Llanas’ Summerfest show canceled, PR firm cuts ties following accusations.
Former BoDeans member Sam Llanas will no longer play Summerfest, and the PR firm promoting his new album has severed ties, following a Journal Sentinel report Monday in which Llanas was accused of child molestation.
Tessa Neumann — the 26-year-old stepdaughter of BoDeans’ frontman Kurt Neumann — says that BoDeans’ co-founder and former band member Llanas repeatedly molested her and had sexual conversations with her when she was a child, from 2001 until 2006 or 2007.
Through a series of interviews with the Journal Sentinel, Tessa Neumann said that Llanas first made sexual contact with her when she was 9, and that he forced her to perform hand and oral sex on him when she was 13 or 14.
Llanas denies the allegations. He has not been charged with a crime, and Tessa Neumann has not filed a complaint with police or pursued a civil lawsuit.
By Tuesday afternoon, Llanas’ Summerfest date had been removed from his website’s tour page and the Milwaukee music festival’s website. He was scheduled to play the Miller Lite Oasis — Summerfest’s largest-capacity grounds stage — on June 30, as the direct opener for Third Eye Blind.
“Sam Llanas and Milwaukee World Festival Inc. have mutually agreed that he will not perform at Summerfest this year,” Summerfest officials said in a statement.
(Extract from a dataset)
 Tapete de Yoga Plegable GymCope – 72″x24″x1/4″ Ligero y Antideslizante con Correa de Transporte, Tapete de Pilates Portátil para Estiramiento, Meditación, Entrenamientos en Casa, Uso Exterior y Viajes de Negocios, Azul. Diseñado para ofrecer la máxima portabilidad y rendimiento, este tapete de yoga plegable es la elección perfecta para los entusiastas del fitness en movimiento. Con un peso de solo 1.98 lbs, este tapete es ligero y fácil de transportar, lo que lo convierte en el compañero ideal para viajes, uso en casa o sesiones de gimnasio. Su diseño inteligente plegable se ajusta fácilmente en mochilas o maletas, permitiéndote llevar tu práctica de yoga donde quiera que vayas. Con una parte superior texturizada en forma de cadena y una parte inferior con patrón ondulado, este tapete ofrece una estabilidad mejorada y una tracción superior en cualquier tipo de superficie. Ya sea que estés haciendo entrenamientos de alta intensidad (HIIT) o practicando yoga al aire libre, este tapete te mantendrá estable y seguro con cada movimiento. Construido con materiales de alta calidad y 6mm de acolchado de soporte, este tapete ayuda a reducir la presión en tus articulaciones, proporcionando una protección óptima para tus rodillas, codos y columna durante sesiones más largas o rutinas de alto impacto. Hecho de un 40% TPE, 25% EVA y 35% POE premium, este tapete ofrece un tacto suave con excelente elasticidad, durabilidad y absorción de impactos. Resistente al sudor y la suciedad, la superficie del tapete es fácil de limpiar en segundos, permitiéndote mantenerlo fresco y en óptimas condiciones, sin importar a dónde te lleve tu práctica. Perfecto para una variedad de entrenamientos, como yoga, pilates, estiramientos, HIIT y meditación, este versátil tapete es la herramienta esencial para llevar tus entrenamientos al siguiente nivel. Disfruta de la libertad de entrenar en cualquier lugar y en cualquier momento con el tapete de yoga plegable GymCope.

Milwaukee World Festival Inc. is Summerfest’s parent company.
A representative from ClearWater Harbor in Waupaca, where Llanas was supposed to perform July 1, also told the Journal Sentinel it was canceling his appearance.
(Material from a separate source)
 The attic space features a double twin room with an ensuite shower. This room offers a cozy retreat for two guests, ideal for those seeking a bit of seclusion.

Llanas is scheduled to play six other shows this summer in Wisconsin and Illinois.
Through email and Facebook messages, the Journal Sentinel reached out to each of the venues and festival organizers that booked Llanas to see if he was still scheduled to perform.
A representative from Solu Winery in Cascade said they were “reviewing our options.” A representative from Flatland Summer Jam in Macomb, Illinois, confirmed they had received the Journal Sentinel’s message. As of Tuesday evening, the Journal Sentinel had not heard back from the other venue owners and festival organizers.
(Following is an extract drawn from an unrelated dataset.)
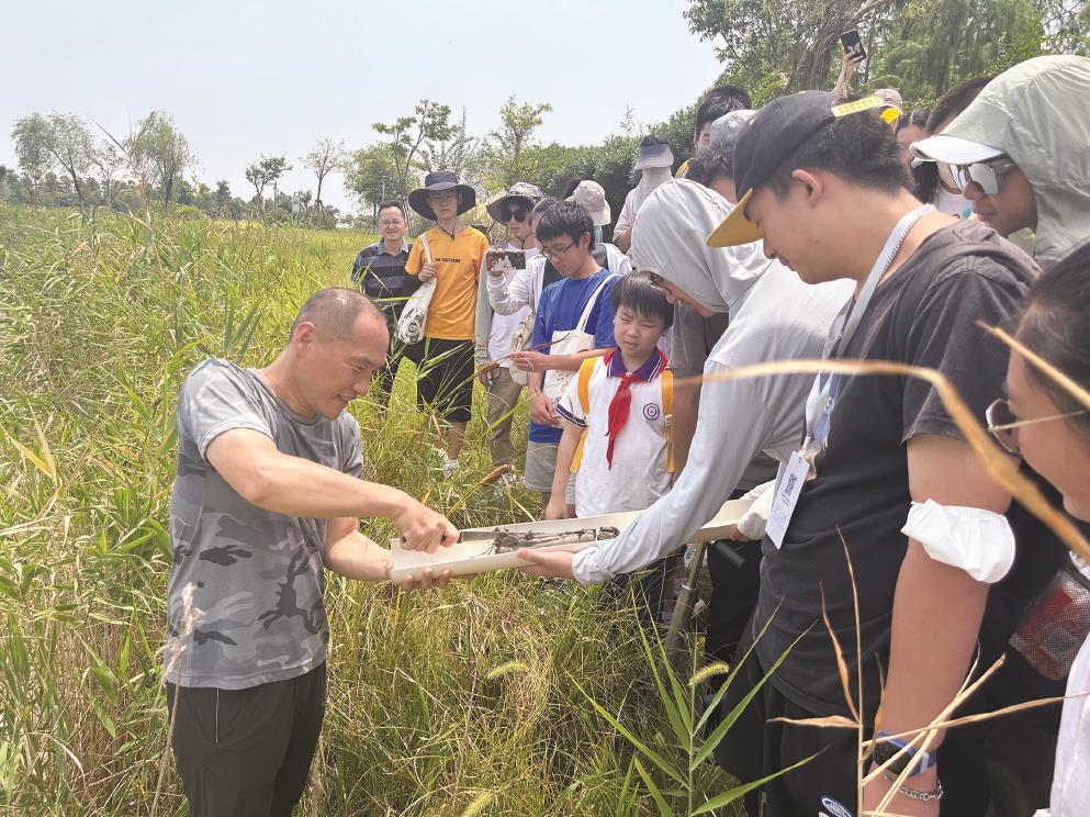 頭頂36攝氏度高溫,腳踩泥濘土地,上海市控江中學高二學生陸天沐來到位于金山區的鸚鵡洲生態濕地公園,用金屬采樣器采集到了約40厘米長的濕地土壤標本。

Baby Robot Media was handling publicity for the album but following the Journal Sentinel’s report Monday ended its campaign.
“Immediately upon learning of the allegations against Sam Llanas, we informed him that Baby Robot will no longer be representing him,” Steve LaBate, co-founder and director of publicity, said in a statement. “We believe Tessa Neumann and have tremendous respect for her bravery in coming forward. Outing an abuser can be extremely difficult and traumatic, and we support her 100 percent.”